Our proposed approach in this paper analyzes free-text radiology reports to provide a decision support system to help radiologists identify cases requiring prompt communication with referring physicians. These are cases that would be otherwise be missed or overlooked due to a radiologist’s heavy workload, lack of administrative support, or complex team dynamics within the radiology department as well as with other care groups. This approach leverages various machine learning and NLP techniques, such as distributional semantics and cluster analysis, to build a semi-unsupervised learning method to identify cases requiring prompt communication. The evaluation of our method showed that using only unlabeled free text in a semi-un-supervised learning approach along with a minimally labeled set for fine tuning can achieve high performance, which is often achievable only through access to a large amount of hand-labeled data for model development and training in supervised learning approaches. Furthermore, because this semi-unsupervised learning method does not require extensive effort to collect labeled training data manually, it can be easily extended to other data sources and institutions. To identify reports needing prompt communication, institutions with a large radiology report dataset available to train a word2vec model can extend the proposed mechanisms to identify seed data and to fine-tune cluster parameters. In future steps, we also plan to generalize this approach to classify reports based on change, important findings, and urgency.
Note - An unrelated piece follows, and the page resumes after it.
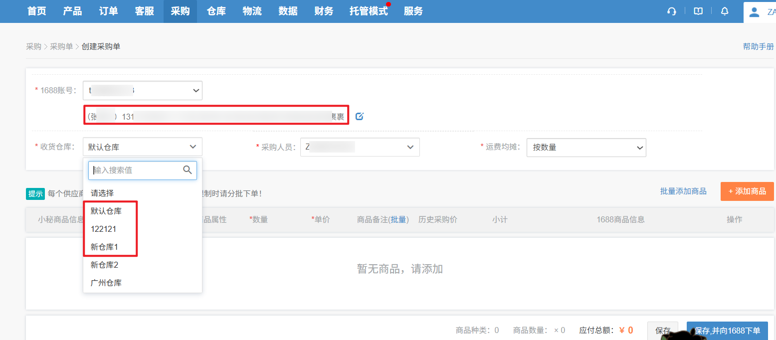 【5】创建1688采购单时,选择了账号和仓库,若当前仓库和当前所选的账号中收货地址关联,使用关联地址,

We randomly sampled 10% of the errors made by our best model (cluster-based classification) in our evaluation to conduct an error analysis. In this error analysis, our senior radiologist collaborator (YYC) manually reviewed the radiology reports associated with each case to assess the potential causes of the errors made by our approach. Through this analysis, we observed several patterns in our errors that once remedied can help to improve the performance of our methods in future work. For example, some false negatives were caused due to explicit requests from referring physicians to radiologists to contact them. Therefore, these cases needed to be promptly communicated regardless of the characteristics of radiological findings. In some other cases, false negatives were due to the size of the radiological findings. For example, small incidental pulmonary nodules (< 6mm) mostly do not require prompt communication for low-risk patients, however, larger incidental pulmonary nodules can be considered urgent. Of note, in most of the false positive cases, although the clinical findings, such as malignancy or brain aneurysm, were significant, prompt communication with referring physicians was not needed because the radiology exams were performed on in-patients and showed stable or unchanged conditions. In other false positive cases, radiologists included recommendations for further actions or follow-ups in radiology reports, which were mislabeled for prompt communications by our method. This error analysis showed that although the overall performance of our approach is promising, careful consideration of the context for radiological exams, such as patient clinical history and status, the nature of communication/follow-up requests, and change in radiological findings and their size, in our data modeling and classification can improve the performance of our methods.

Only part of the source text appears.